Detailed clinical characteristics of all of the patients are listed in Table 2. Verbal developmental delay and intellectual disability were found in all patients. Other clinical manifestations with relatively higher frequencies include long eyelashes (90% [18/20]), arched eyebrows (89% [17/19]), hirsutism (84% [16/19]), feeding problems in infancy (80% [12/15]), syndactyly of toes (78% [14/18]), broad/bulbous nasal tip (76% [13/17]), synophrys (74% [14/19]), short fifth finger (71% [12/17]), thick eyebrows (71% [12/17]), proximally set thumbs (70% [14/20]) and thin upper lip vermilion (70% [14/20]). In the current case, our patient showed a suspected condition of chronic constipation, which has been reported in the previous literature (5). However, there was no available information about constipation in other cases of patients with SMC3 variants. According to the evaluation standard stated in a previous study, 20 patients with detailed records of their clinical manifestations were rated. According to the classification of the disease’s severity raised by Kline et al., only 3 of them reached severe levels, 10 of them reached moderate levels, and 7 of them were regarded as mild levels (18). However, among the clinical data we obtained thus far, biochemical data and imaging auxiliary examination data are extremely limited.

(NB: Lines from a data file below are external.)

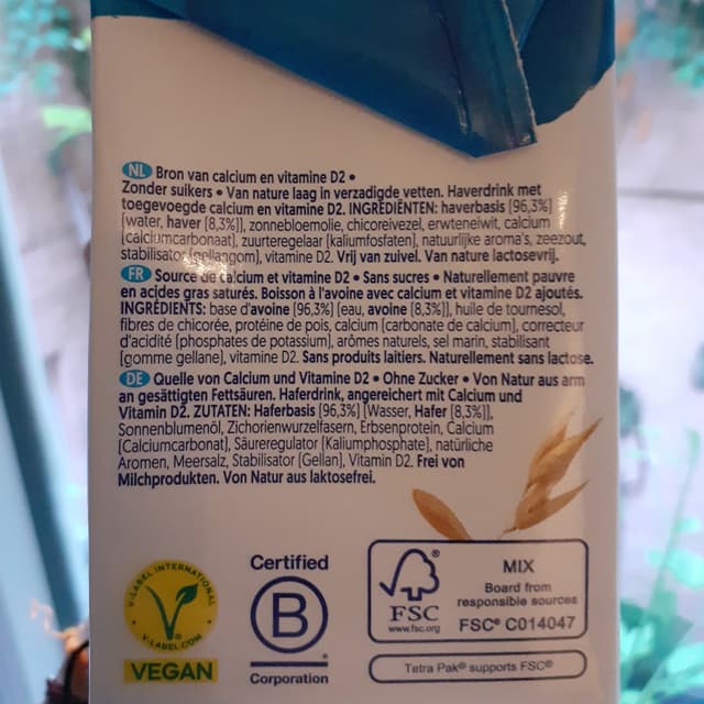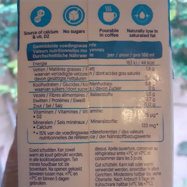 Plant based milk with calcium. Made from oat. Low in saturated fat. No sugar.
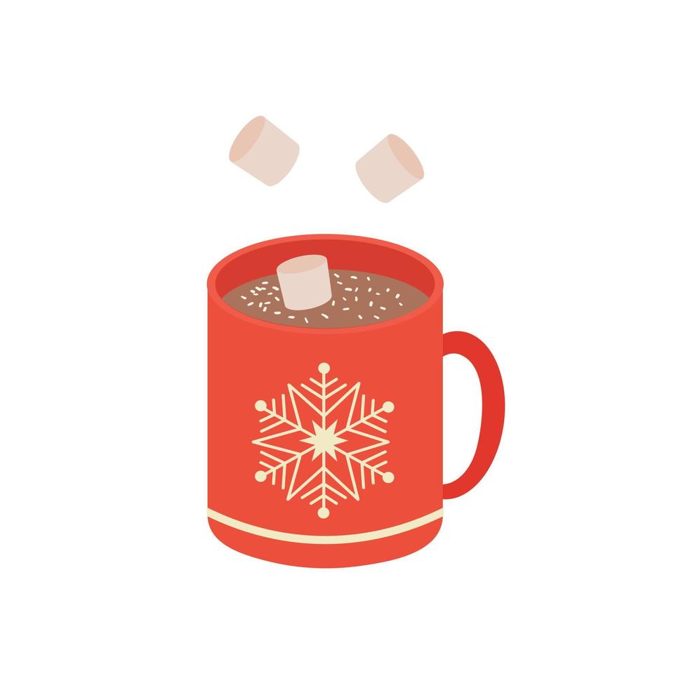Hot chocolate with marshmallows. A cup with an ornament in the form of a snowflake. Vector illustration isolated on a white background Pro Vector
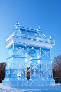 miluo_bing, scenery, no humans, outdoors, sky, snow, blue sky, tree, building, winter, day, ice sculpture <lora:万物可冰雕sd1.5-v1.4:0.7>
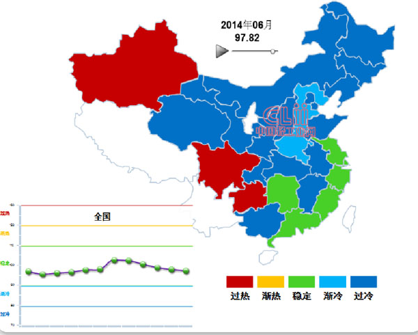 2014年6月,处于“稳定”区间的地区有5个,分别是:湖南、福建、广东、江苏和浙江,占全国的16.13%。处于“浙冷”区间的地区有2个,分别是:河南、河北。处于“过热”区间的地区有3个,分别是:新疆、云南和贵族。其它地区均处于过冷状态(不含西藏、云南、宁夏、海南)(图3)。
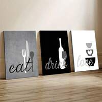 3-Piece Wooden Frame Kitchen Wall Art, Themed Eating, Drinking, And Having Fun , Featuring Modern Canvas Poster Design In Monochrome Gray, Black And White. Creative Waterproof Material, Ideal As A Gift. Suitable For Decoration In Bedrooms, Living Rooms, Homes And Dormitories. Perfect Choice For Room Decor, Also Ideal For Western-Style Decor, Home Decoration, Modern-Style Room Decor, Canvas Wall Art Or Kitchen Decoration. #3 Bestseller
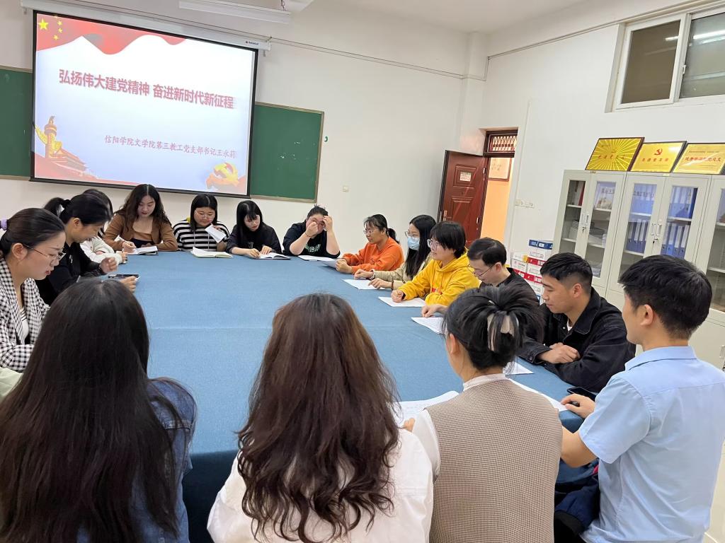 为深入贯彻落实全党深入开展学习贯彻习近平新时代中国特色社会主义思想主题教育有关要求,推动本次主题教育走深走实、取得实效,进一步加强和改进信阳学院文学院党支部党建工作。5月11日,信阳学院文学院第三教工党支部书记王永莉为本支部党员做了题为《弘扬伟大建党精神 奋进新时代新征程》的主题教育专题讲座。
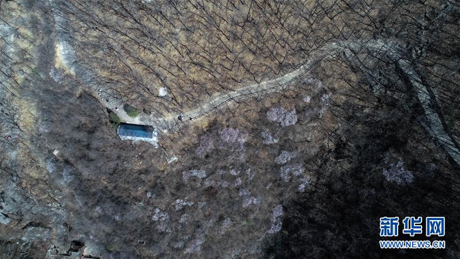 3月21日,在河北石家庄市平山县天桂山,山桃花渐次开放(无人机拍摄)。
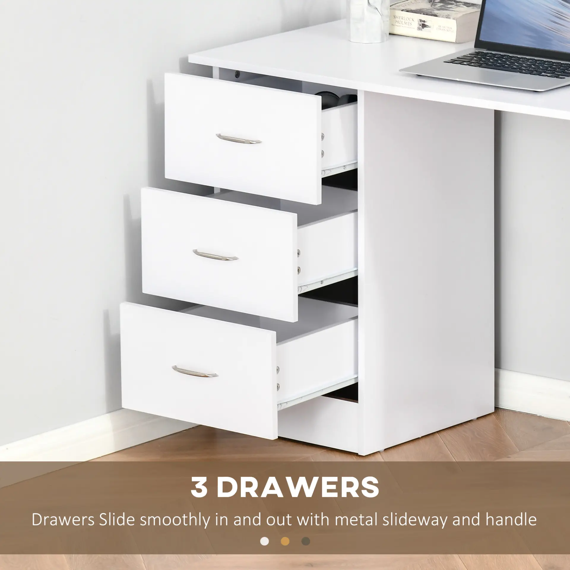 Maintain a contemporary and minimalistic workspace using HOMCOM’s desk with drawers. Crafted from durable particle board, this study table showcases a clean boxy design in a neutral colour, ideal for various home office environments. It offers three enclosed drawers and three open shelves, providing a balanced solution for work essentials and decor. The drawers feature convenient handles for a polished finish.
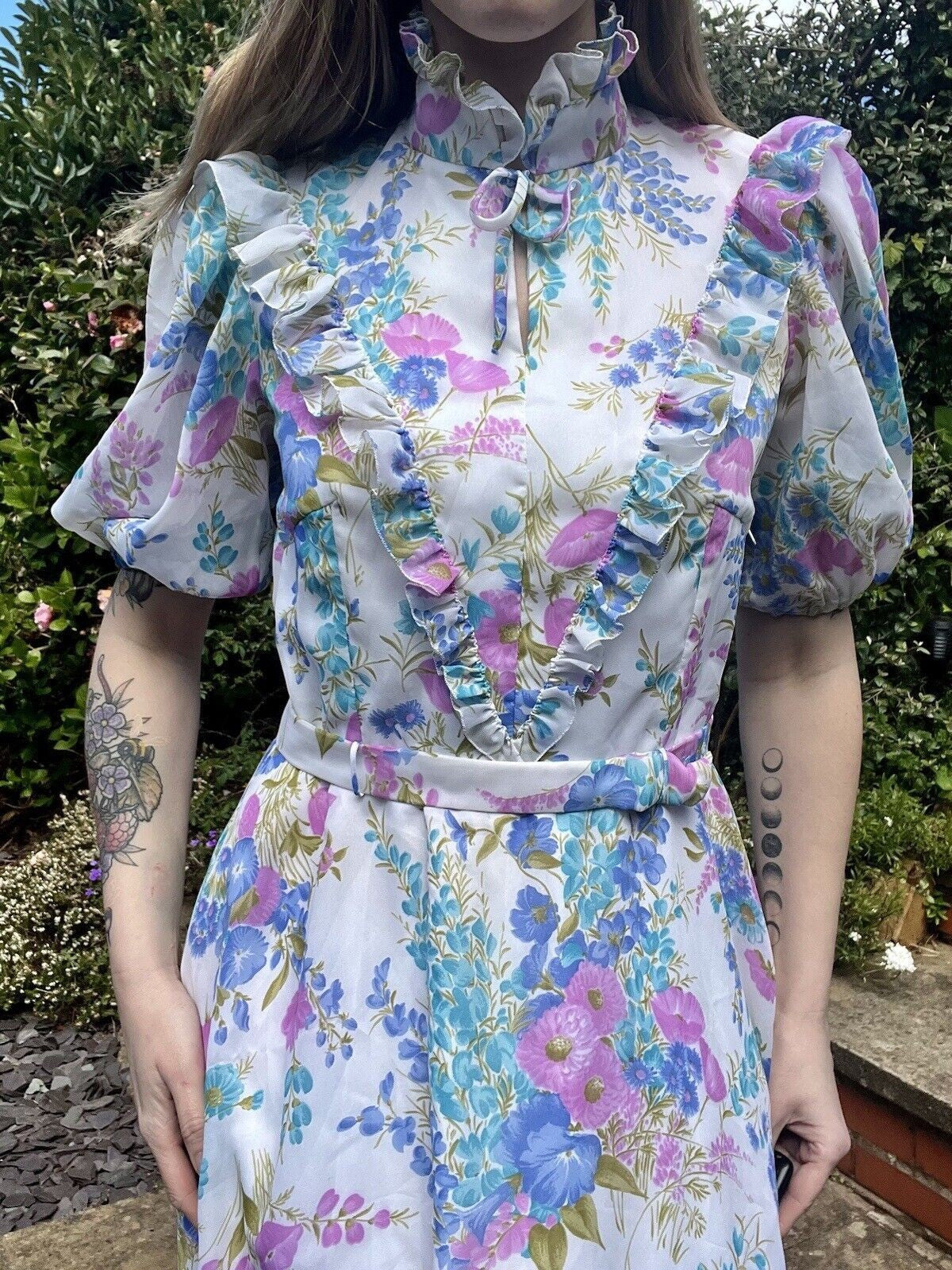 Embrace the prairie style with this stunning vintage summer dress. Maxi in length, this dress is perfect for any occasion. The dress features beautiful flowers that add a touch of elegance to the overall look. The dress is from the 1980s and is a great addition to any vintage clothing collection.
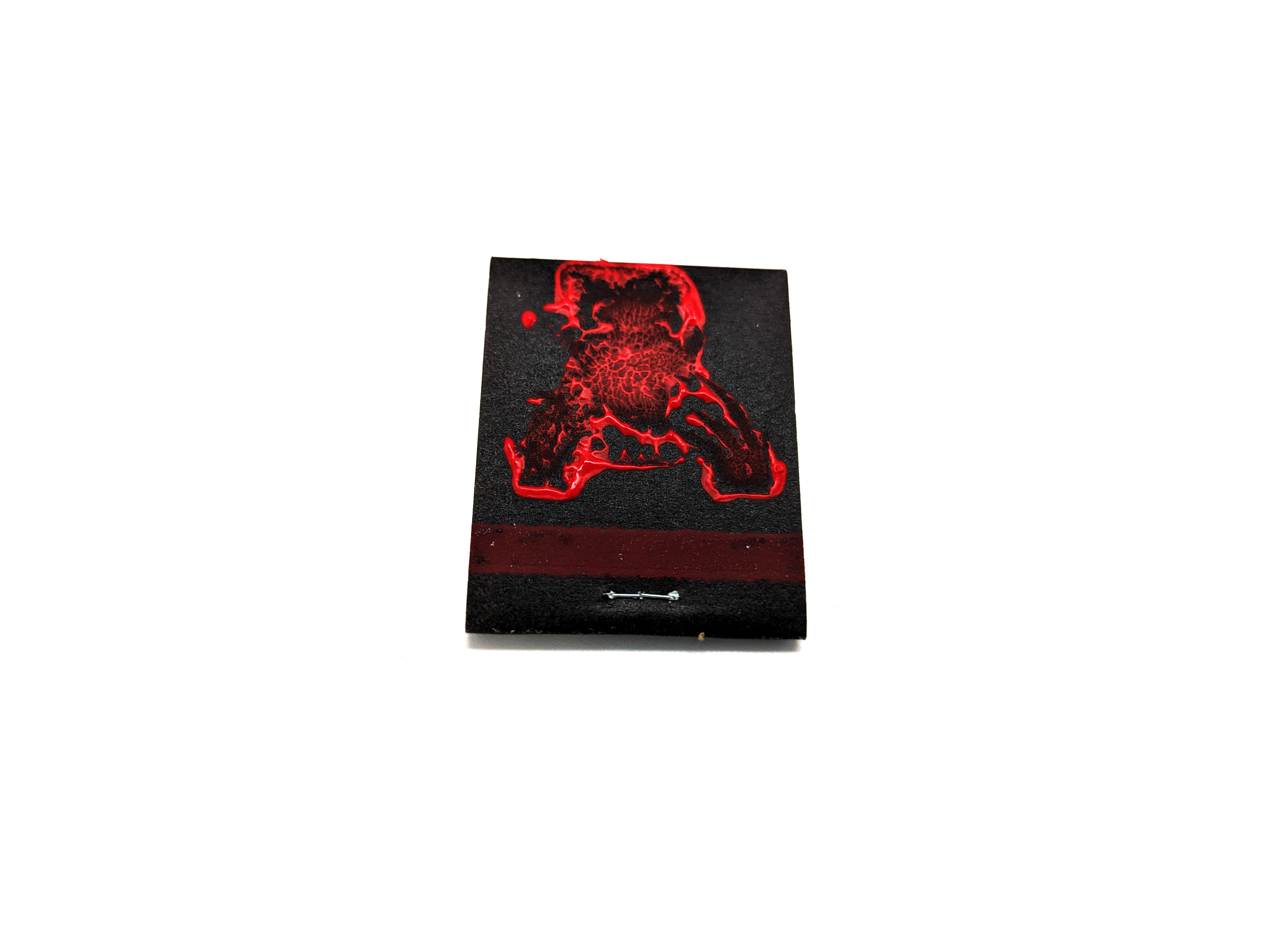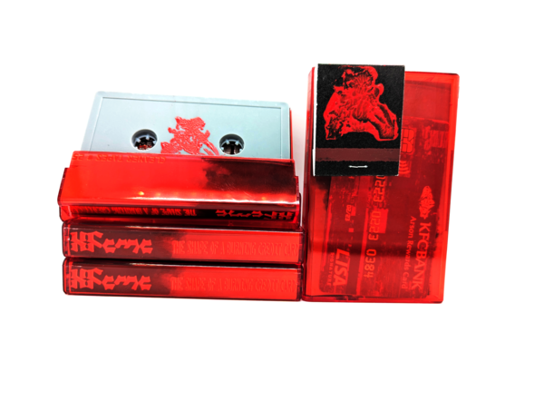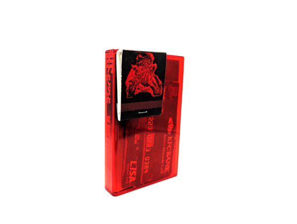 Grey cassette in translucent red cases. Includes KFC Bank Arson Rewards Card (last four digits: 0222 through 0445) + black matchbook with unique Frank seal.
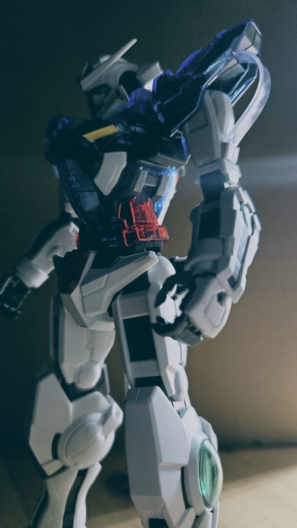 上半身に青色の面積が増えて、エクシアらしさが増しました!サーベルがリアスカートに付いていることに驚きましたが、肩部の後ろにも付いているのは斬新ですねw アーチ状のフォログラムコードシートが目立って、近未来感があります!
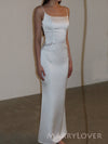 Simple White Satin Mermaid Long Evening Prom Dresses, Spaghetti Straps wedding Dress, MR9484

Except for a baby girl whose variant was inherited from her mother, there were 18 patients with de novo variants as confirmed by parental verification. The proportions of different types of variants are shown in Figure 2. Among all 28 patients with records of genetic alterations, half of the variant types were missense (50% [14/28]), followed by deletion (32% [9/28]) and duplication (11% [3/28]). Additionally, there was one patient with splicing variant and one patient with nonsense variant. At the same time, we have an idea of the number of variants in each exon as shown in Figure 2B. The number of variants that occurred in exon 15 accounted for the largest proportion (28.6%), followed by variants that occurred in exon 9, exon 19, exon 22, exon 23, and exon 27. Different variants corresponding to different protein domains are listed in Figure 2C. The proportion of patients whose variants were located in the coiled-coil domain was 60% (12/20), and patients whose alterations were located in other parts accounted for 40% (8/20).

Discussion

When a short stature patient has multisystem involvement, such as limb deformities, organ dysplasia, and cognitive and behavioral defects, it is necessary to pay attention to possible genetic diseases. With the development of gene sequencing technology, Sanger sequencing, panel detection and WES will help us identify the underlying genetic abnormalities and make a molecular diagnosis of a specific genetic disease. As an important type of dwarfism caused by a single gene variant, CdLS is relatively rare, but if the patient has typical facial features, poor language and mental development, or various hand deformities, we ought to consider its possibility.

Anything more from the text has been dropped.